**REQUIRED ACTION**: Please restate word for word the lines of the entries below from the one with "Miami advances to" to the one with "冰种飘花山水牌翡翠挂件 尺寸49-26-7毫米", inclusive, and leave out every picture.

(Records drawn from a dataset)

※

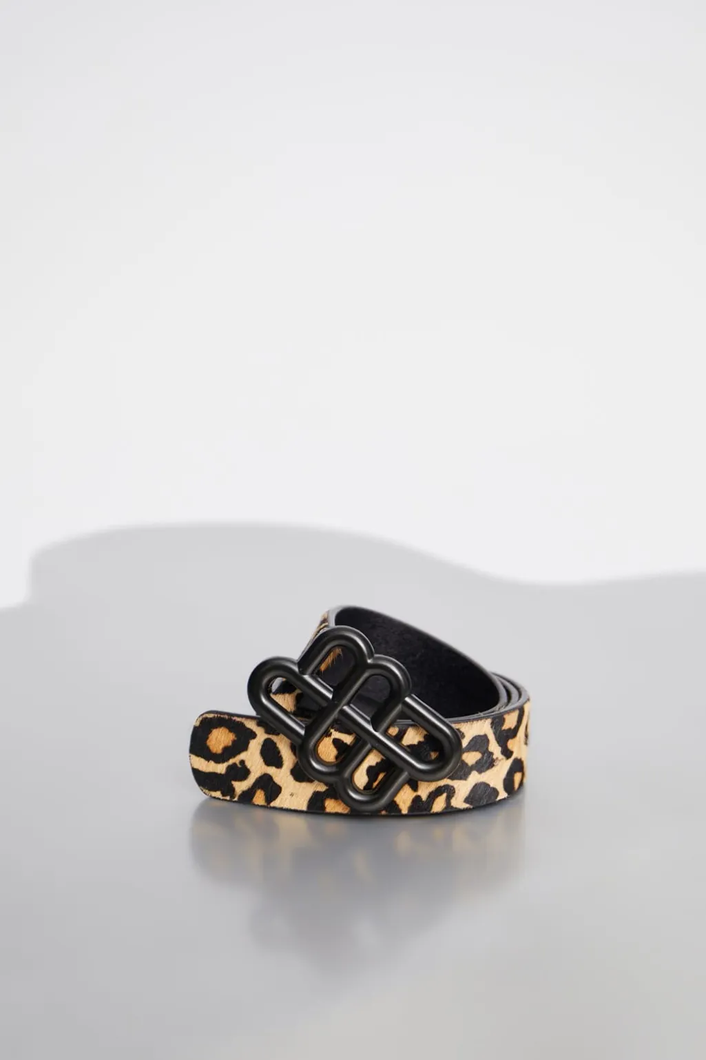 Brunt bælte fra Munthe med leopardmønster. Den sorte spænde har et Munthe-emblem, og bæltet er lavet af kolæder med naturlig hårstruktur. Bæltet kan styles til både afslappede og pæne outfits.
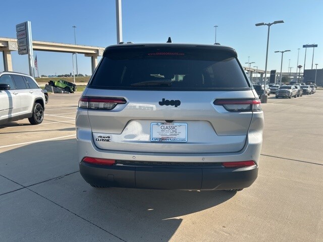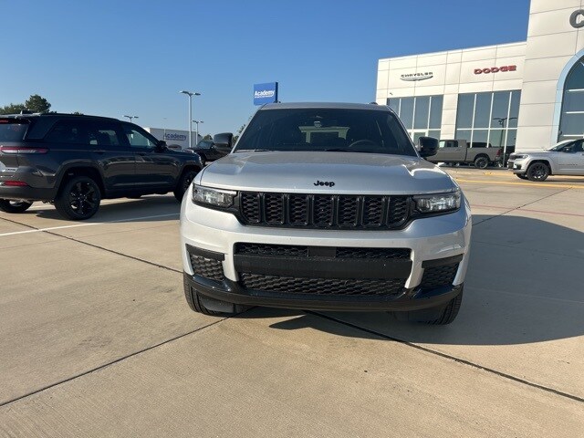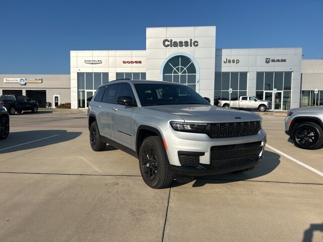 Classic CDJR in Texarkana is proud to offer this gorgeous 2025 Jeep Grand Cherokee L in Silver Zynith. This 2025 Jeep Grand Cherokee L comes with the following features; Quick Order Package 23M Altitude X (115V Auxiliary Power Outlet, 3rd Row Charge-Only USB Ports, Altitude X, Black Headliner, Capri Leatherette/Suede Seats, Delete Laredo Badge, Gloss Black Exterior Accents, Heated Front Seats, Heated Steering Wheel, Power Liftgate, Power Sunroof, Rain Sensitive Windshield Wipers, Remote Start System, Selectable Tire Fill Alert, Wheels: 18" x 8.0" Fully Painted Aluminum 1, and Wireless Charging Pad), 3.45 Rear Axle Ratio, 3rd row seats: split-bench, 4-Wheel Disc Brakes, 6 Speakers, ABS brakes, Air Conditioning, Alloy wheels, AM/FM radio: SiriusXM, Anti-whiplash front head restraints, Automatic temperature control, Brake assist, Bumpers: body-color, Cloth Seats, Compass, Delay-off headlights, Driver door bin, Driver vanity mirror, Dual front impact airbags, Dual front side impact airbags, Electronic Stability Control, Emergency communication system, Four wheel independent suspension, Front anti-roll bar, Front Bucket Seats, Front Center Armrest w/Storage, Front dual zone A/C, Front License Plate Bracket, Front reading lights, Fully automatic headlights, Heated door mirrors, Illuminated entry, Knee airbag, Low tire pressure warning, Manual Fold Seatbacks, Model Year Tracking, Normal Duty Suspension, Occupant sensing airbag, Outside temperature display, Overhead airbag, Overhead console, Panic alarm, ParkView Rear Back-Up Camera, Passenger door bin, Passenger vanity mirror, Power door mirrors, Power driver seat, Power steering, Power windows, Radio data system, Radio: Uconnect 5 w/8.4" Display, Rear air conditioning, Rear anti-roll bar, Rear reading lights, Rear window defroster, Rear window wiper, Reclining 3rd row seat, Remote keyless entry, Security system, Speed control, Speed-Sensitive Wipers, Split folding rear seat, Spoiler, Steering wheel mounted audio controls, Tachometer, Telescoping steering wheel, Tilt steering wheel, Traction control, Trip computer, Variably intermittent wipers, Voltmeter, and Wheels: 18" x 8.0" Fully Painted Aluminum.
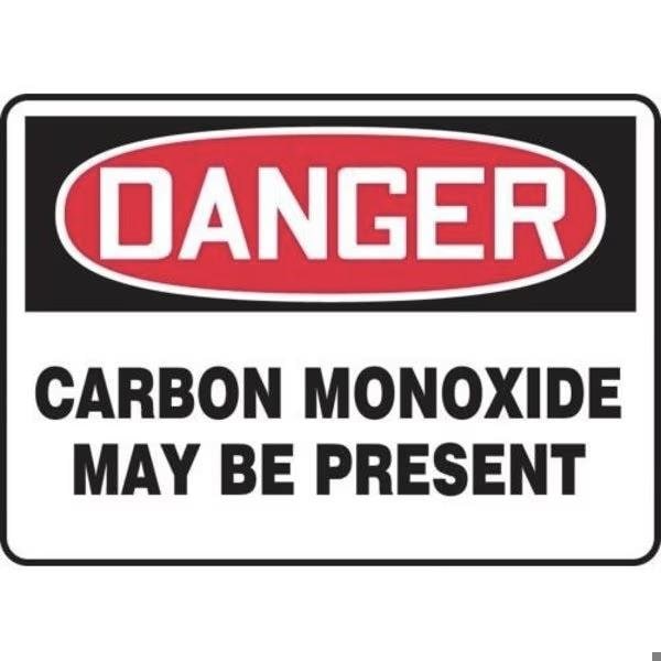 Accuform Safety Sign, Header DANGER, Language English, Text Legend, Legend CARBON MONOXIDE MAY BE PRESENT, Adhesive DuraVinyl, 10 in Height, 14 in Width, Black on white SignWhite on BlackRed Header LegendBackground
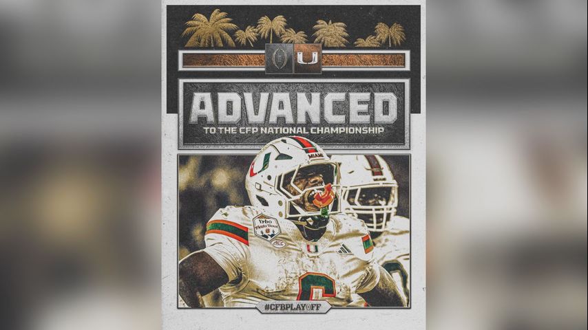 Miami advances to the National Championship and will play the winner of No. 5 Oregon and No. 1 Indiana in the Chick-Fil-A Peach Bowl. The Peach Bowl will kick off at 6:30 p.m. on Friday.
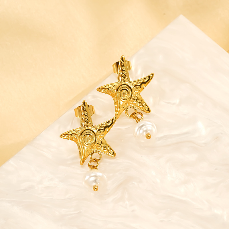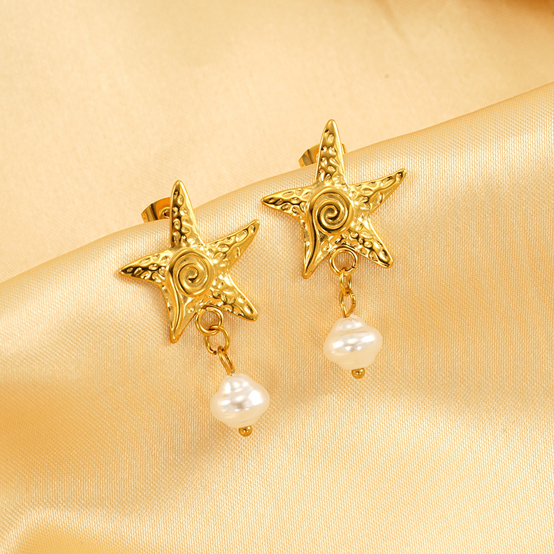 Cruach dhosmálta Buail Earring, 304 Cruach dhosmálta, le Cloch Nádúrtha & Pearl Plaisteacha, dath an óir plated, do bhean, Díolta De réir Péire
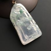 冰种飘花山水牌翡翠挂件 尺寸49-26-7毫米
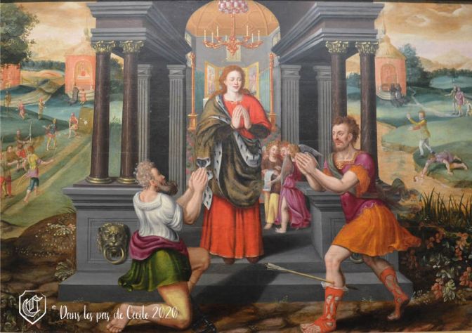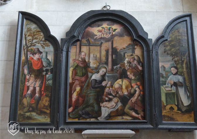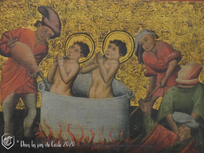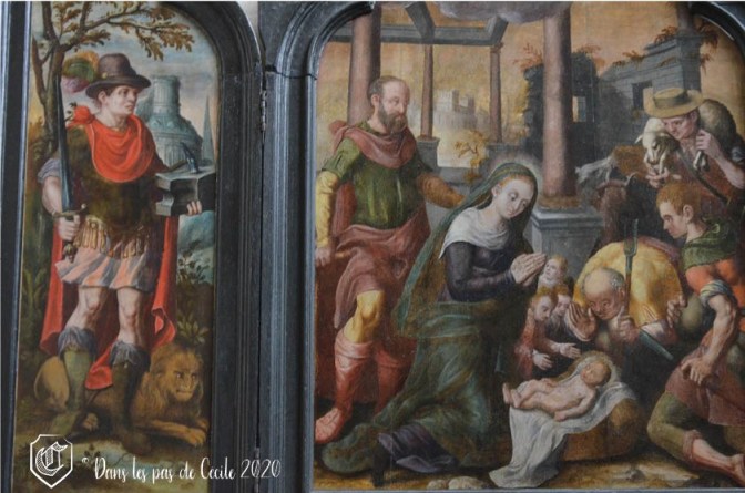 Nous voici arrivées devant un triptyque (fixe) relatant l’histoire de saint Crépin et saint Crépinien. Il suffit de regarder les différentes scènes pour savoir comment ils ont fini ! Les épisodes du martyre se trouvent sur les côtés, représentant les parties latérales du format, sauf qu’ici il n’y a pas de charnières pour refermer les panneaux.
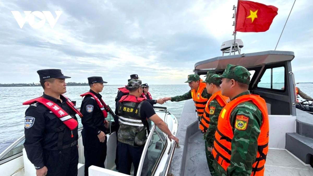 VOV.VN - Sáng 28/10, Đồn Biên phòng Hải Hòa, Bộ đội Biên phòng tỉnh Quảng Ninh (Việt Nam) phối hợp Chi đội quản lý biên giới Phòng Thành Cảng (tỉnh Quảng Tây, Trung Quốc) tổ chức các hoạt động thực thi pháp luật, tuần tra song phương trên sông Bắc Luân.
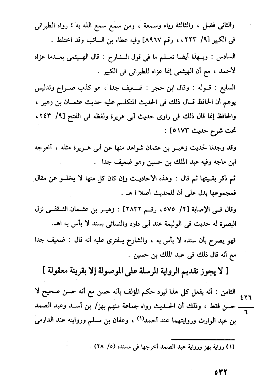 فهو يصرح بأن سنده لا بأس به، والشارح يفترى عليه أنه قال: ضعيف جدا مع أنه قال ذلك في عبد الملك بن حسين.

※

**EXPECTED ANSWER**:
 Miami advances to the National Championship and will play the winner of No. 5 Oregon and No. 1 Indiana in the Chick-Fil-A Peach Bowl. The Peach Bowl will kick off at 6:30 p.m. on Friday.
 Cruach dhosmálta Buail Earring, 304 Cruach dhosmálta, le Cloch Nádúrtha & Pearl Plaisteacha, dath an óir plated, do bhean, Díolta De réir Péire
 冰种飘花山水牌翡翠挂件 尺寸49-26-7毫米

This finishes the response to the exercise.